La visión de un vídeo realmente emocionante, conmovedor, filmado en las selvas de Guinea por científicos del Instituto Max Planck de antropología Evolutiva --Leipzig, Alemania--, en el que unos chimpancés se servían, paciente y diestramente de largas pértigas para pescar en el fondo de una charca algas de la especie Spirogyra, que para ellos son suculentas, me ha hecho caerme del caballo, abrir los ojos a la realidad ya conocida pero negligida, de lo cerca que están de nosotros algunos animales --algo que saben todos los que tienen perros o gatos como mascotas--. Nuestras emociones apenas se distinguen de las de un simio, sostiene el primatólogo Frans de Waal (El mono que llevamos dentro, La edad de la empatía, Tusquets Editores).

Y he llegado a la conclusión de que es nuestra tarea y nuestra responsabilidad ayudarles, ayudar a esos primates, no sólo ya a la supervivencia y al disfrute de una vida digna, como sostienen los activistas de Nonhuman Rights Project (Plataforma por los derechos de los no humanos) que litigan continuamente en los tribunales contra el maltrato animal, o el grupo de profesores universitarios que el pasado 21 de febrero lanzó el manifiesto en defensa de los derechos fundamentales de Tommy y Kiko, dos chimpancés que llevan muy mala vida; sino ayudarles a dar el salto, el pequeño salto para salvar la distancia que les separa de estar en posesión de una inteligencia un poquito más sofisticada, que les permitiría incorporarse a la humanidad aunque sea, en los primeros siglos, o en los primeros milenios, en calidad de algo así como hermanos tontos, o un poco retrasados mentales pero progresando adecuadamente, hasta alcanzarnos. Y sus denodados y prolongados esfuerzos generación a generación, siglo a siglo, milenio a milenio, para alcanzarnos, para comprendernos, nos romperá el corazón...

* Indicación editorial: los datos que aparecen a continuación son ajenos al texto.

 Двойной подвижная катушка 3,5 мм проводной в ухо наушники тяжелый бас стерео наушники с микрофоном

Nuestra responsabilidad es ayudar a los chimpancés a dar el salto de inteligencia que les permita incorporarse a la humanidad

De mis lecturas juveniles de Desmond Morris (El mono desnudo) recuerdo que los hitos de la evolución del hombre han sido, en primer lugar alcanzar la posición erguida liberando así las manos para que asieran y luego compusieran herramientas --como esas pértigas que usaban los chimpancés de Guinea-- y, en segundo y fundamental lugar, el desarrollo de un lenguaje crecientemente complejo, que ha sido posible merced a la especial, afortunada disposición de cartílagos y músculos en la laringe, cuya ductilidad nos permite emitir una amplia gama de sonidos (Frans de Waal también subraya que los simios tienen, como nosotros, moralidad, sentido de la reciprocidad, empatía y respeto a las reglas de la comunidad, y que el hecho fundamental que nos separa de ellos es el lenguaje).

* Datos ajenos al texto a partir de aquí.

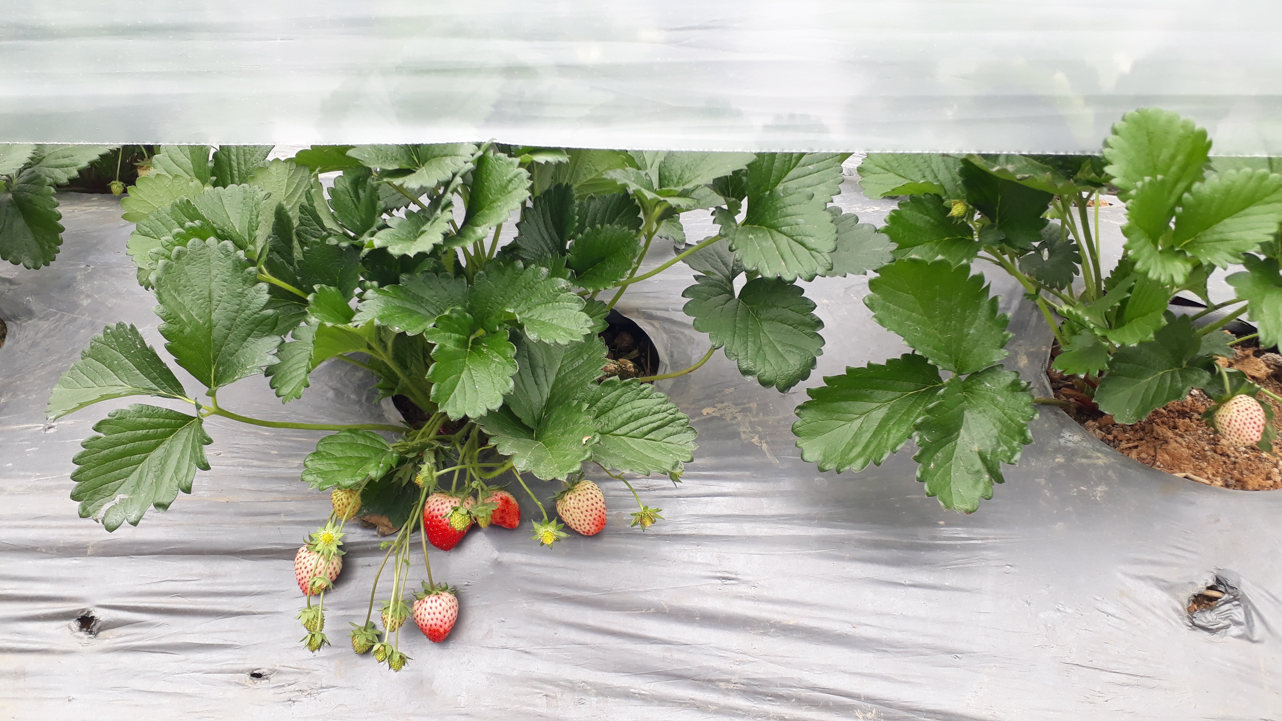 Vườn dâu tây nằm ngay ven đường thu hút mọi người dừng chân trải nghiệm.

Si los chimpancés no disponen de nuestra afortunada laringe, acaso puedan expresarse en un lenguaje sustitutivo, no verbal, que también les dé acceso a la complejidad de las ideas abstractas. Y, a lo mejor, siguiendo esa senda nos alcancen y nos den la mano.

Si la vida en la Tierra fuese a durar un poquito de tiempo más, digamos hasta el año 25.000 o el año 50.000, valdría la pena que nosotros --o sea: usted, lector, y yo-- durásemos también hasta entonces, para que pudiésemos observar, en ciudades futuras liberadas del CO2 y del ruido de los motores de explosión, las paradojas y las gracias de la convivencia entre nuestros descendientes --lampiños desde la cabeza a los pies-- y esos seres peludos, feos, grotescos como caricaturas, de ojos oscuros y relucientes, hundidos bajo el pronunciado arco superciliar, ojos en cuyo húmedo brillo parece reflejarse toda la tristeza del mundo, la herencia de una abisal sabiduría del dolor.